Arad
The name Arad attaches to two unrelated referents in the UPDV. The dominant one is a Canaanite city in the Negeb whose king clashes with Israel during the wilderness march and is later catalogued among the defeated kings west of the Jordan; the second is a Benjamite man named in a single genealogy in 1 Chronicles. The pages that mention Arad are sparse, and the city dossier and the personal-name dossier do not overlap.
The King Of Arad And The Vow At Hormah
The first appearance is hostile. As Israel approaches Canaan from the wilderness, "the Canaanite, the king of Arad, who dwelt in the South, heard that Israel came by the way of Atharim; and he fought against Israel, and took some of them captive" (Num 21:1).
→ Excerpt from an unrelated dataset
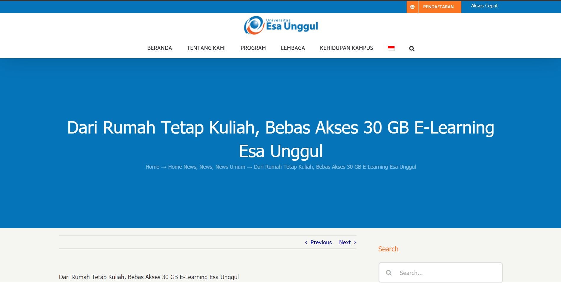 Universitas Esa Unggul Pengumuman Sehubungan Dengan Pencegahan Covid 19 Di Lingkungan Kampus Universitas Esa Unggul Maka Kelas Tatap Muka Diganti Dengan Online Dengan Menggunakan Kelas Ol Esaunggul Ac Id Seluruh Kelas Tatap Muka Sementara Waktu Baik

Israel's response is a conditional vow to Yahweh, framed as a herem: "If you will indeed deliver this people into my hand, then I will completely destroy their cities" (Num 21:2). The narrative reports the answer in the next verse — "And Yahweh listened to the voice of Israel, and delivered up the Canaanites; and they completely destroyed them and their cities: and the name of the place was called Hormah" (Num 21:3). The episode therefore yields the place-name Hormah ("destruction"), bound to the Arad encounter from this point forward.
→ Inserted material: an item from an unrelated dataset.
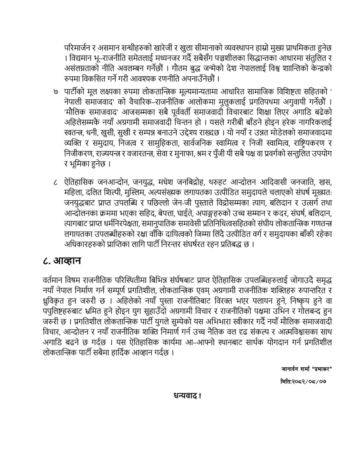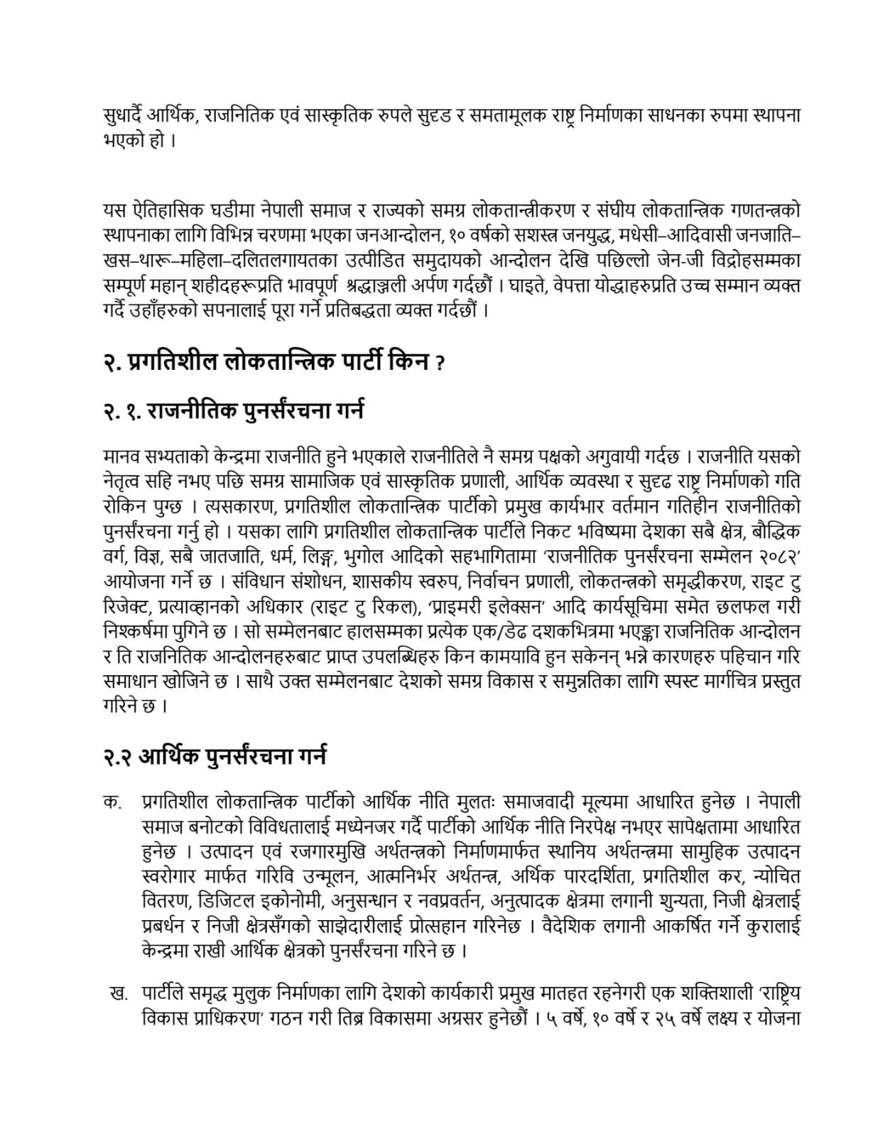 प्रगतिशील समाजवाद मार्गदर्शक सिद्धान्त सो पार्टीको रहेको र त्यसको चुनाव चिन्ह आँखा राखिएको छ । पार्टीले आफ्नो संक्षिप्त राजनीतिक प्रतिबद्धता सार्वजनिक गरेको छ । पार्टी घोषणा कार्यक्रममा नेता जनार्दन शर्माले पार्टीको संक्षिप्त प्रतिबद्धता सार्वजनिक गरेका हुन् ।

The wilderness-itinerary recap in Numbers 33 names the same king again: "And the Canaanite, the king of Arad, who dwelt in the South in the land of Canaan, heard of the coming of the sons of Israel" (Num 33:40). The repetition fixes Arad's location ("the South," i.e. the Negeb) and identifies its king as the relevant antagonist in the southern approach to Canaan.
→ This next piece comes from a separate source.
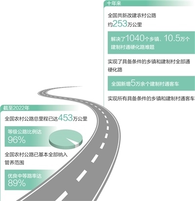 一條條“四好農(nóng)村路”修到村頭,通到了鄉(xiāng)親們的家門口。截至2022年,全國(guó)農(nóng)村公路總里程已達(dá)453萬(wàn)公里,等級(jí)公路比例達(dá)96%。十年來(lái),我國(guó)支持貧困地區(qū)新改建了6.5萬(wàn)公里資源路、旅游路、產(chǎn)業(yè)路。
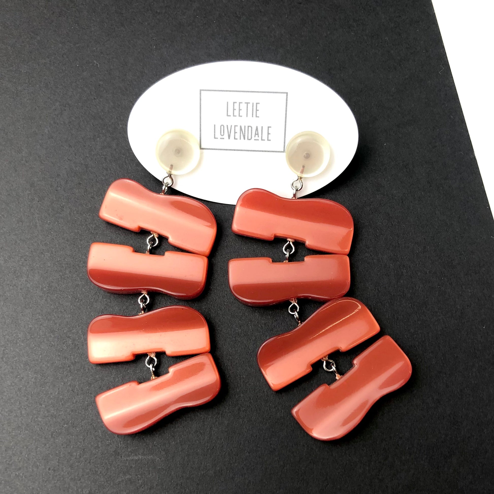 Copper & Ecru Buckle Stack Moonglow Statement Earrings

Arad Among The Defeated Kings
Joshua 12 catalogues the kings whom Joshua and the sons of Israel struck west of the Jordan. In that list Arad sits beside Hormah — the very name the Numbers 21 vow produced — in two consecutive lines: "the king of Hormah, one; the king of Arad, one;" (Josh 12:14). The pairing in the conquest list mirrors the Numbers 21 narrative geography, where the Arad encounter is what generated the Hormah toponym in the first place.
Arad And The Negeb In The Settlement Period
Once Israel is settled, Arad still functions as a regional anchor in the south. Judges describes the Kenite migration northward with Judah: "And the sons of the Kenite, Moses' father-in-law, went up out of the city of palm-trees with the sons of Judah into the wilderness of Judah, which is in the Negeb of Arad; and Amalek went and dwelt with them" (Judg 1:16). The phrase "the Negeb of Arad" treats Arad as a fixed reference point for the southern wilderness district where Kenites and Amalek settled in proximity to Judah.
Arad The Benjamite
The other Arad in the UPDV is a person, not a place. He appears in the genealogy of Beriah's sons in 1 Chronicles 8: "and Zebadiah, and Arad, and Eder," (1Ch 8:15). The list is bare — no narrative, no further mention — and shares nothing with the Negeb city beyond the name itself.